ROCm / MIOpen

AMD's Machine Intelligence Library
https://rocm.docs.amd.com/projects/MIOpen/en/latest/
Other
1.05k stars 219 forks source link

GTest improvements #3140

Open CAHEK7 opened 1 month ago

CAHEK7 commented 1 month ago

It's an umbrella ticket for better tracking of GTest improvement activity ordered by priority.

The tickets under the different checkboxes are independent and can be done in-parallel, while tickets under the same checkbox must be done sequential and in a predefined order.

junliume commented 1 month ago

Recommend to add to the list of investigation:

why skipping a test is taking so long? It does not make sense to spend 3 seconds just to skip a test IMHO

379/8695 Test  #381: Full/GPU_Adam_FP16.AdamFloat16TestFw/adam_w input:1 lr:0.001 beta1:0.9 beta2:0.999 weight_decay:0 eps:1e-06 amsgrad:0 maximize:1 ..................................................................................................................................................................................................................................................................................................***Skipped   3.05 sec
CAHEK7 commented 1 month ago

Recommend to add to the list of investigation:

why skipping a test is taking so long? It does not make sense to spend 3 seconds just to skip a test IMHO

379/8695 Test  #381: Full/GPU_Adam_FP16.AdamFloat16TestFw/adam_w input:1 lr:0.001 beta1:0.9 beta2:0.999 weight_decay:0 eps:1e-06 amsgrad:0 maximize:1 ..................................................................................................................................................................................................................................................................................................***Skipped   3.05 sec

@junliume because they initialize the buffers and skip the test. We have A LOT of similar issues.

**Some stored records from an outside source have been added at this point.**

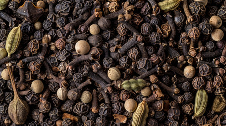 An upclose view of crushed black peppercorns intermixed with whole cloves and cardamom pods. The contrast of the dark and light es creates a visually intriguing image while the differin
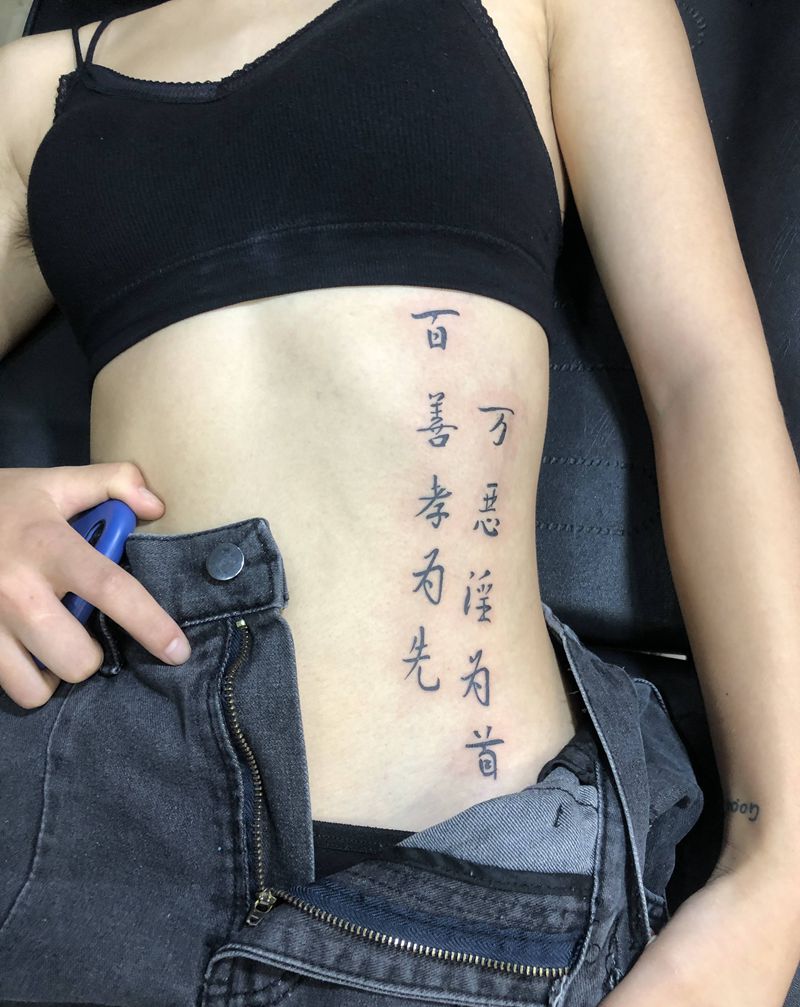 • T关于私处得爱!纹身图片_成品腹部清新字符图腾纹身图案
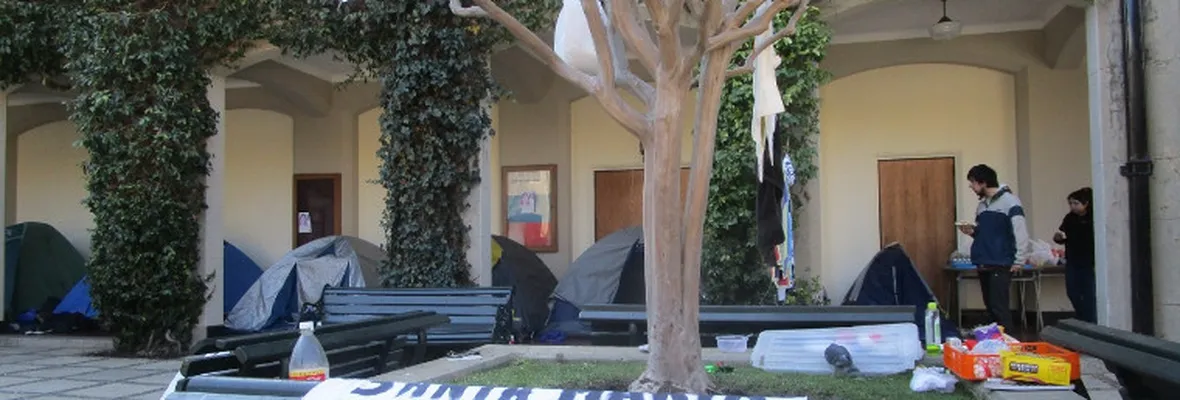 Desde hace un par de semanas un grupo de aproximadamente 30 alumnos de la Sede de Concepción de la Universidad Santa María han realizado una verdadera “toma” del patio central de la USM en Valparaíso, instalando un campamento con el objetivo de apoyar y presionar a la mesa negociadora que llevan adelante, exigiendo un petitorio que entre sus puntos centrales reclama por transparencia en las decisiones académicas y administrativas tomadas a nivel central recientemente en la sede sureña, como asimismo buscado implementar un funcionamiento democrático en la toma de decisiones universitarias, con participación activa de los estudiantes, académicos, y del personal administrativo y auxiliar.
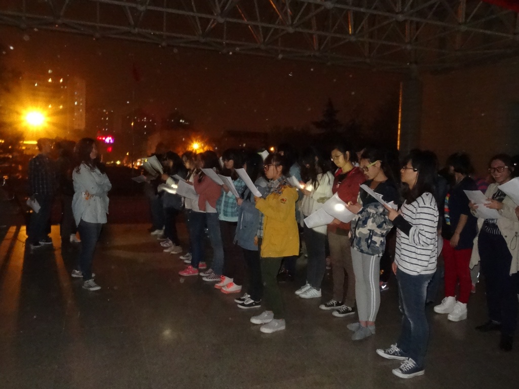 每晚9点,合唱训练准时在主楼前2楼平台上展开。合唱训练由院内有一定合唱经验的同学主要指导,参加训练的同学们充分投入,在发声技巧、演唱效果等方面均有明显的提升。
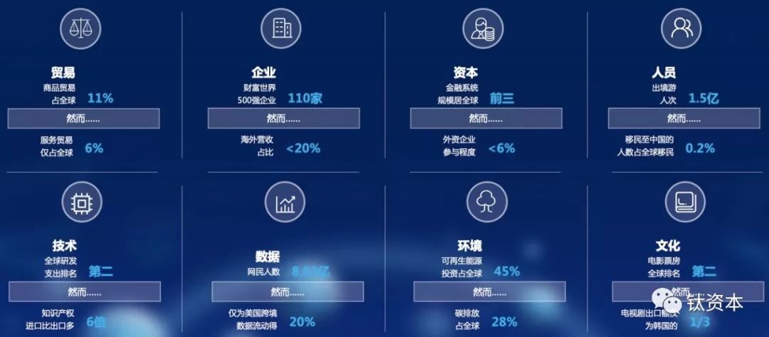 然而在金融、贸易、文化等子领域的发展,除了体量的增长外,质量、内在结构还有一定的欠缺。目前中国与世界的经济联系正在发生一些改变,这个联系的增强和减弱都可能引起巨大的经济价值波动。

It is already described in https://github.com/ROCm/MIOpen/wiki/GTest-development#early-skip

Exit from the test as early as possible. Any test skipping functionality must reside in void SetUp() override. For example, right now 198 AddLayerNorm tests take around 20s to skip, but if we move skip routine at the beginning of the SetUp, it takes 1ms

It happened because initially we've added this evil patter to all GTESTS and even for our "smoke" tests, we initialize ALL the buffers for most of the tests disabled by MIOPEN_TEST_ALL or restricted by the particular data type, because most of the tests check MIOPEN_TEST_ALL and MIOPEN_FLOAT inside the test body right after all the initialization.

junliume commented 1 month ago

Thank you for the detailed explanation @CAHEK7

we've added this evil patter to all GTESTS and even for our "smoke" tests

Let's discuss further on ways to resolve these issues :)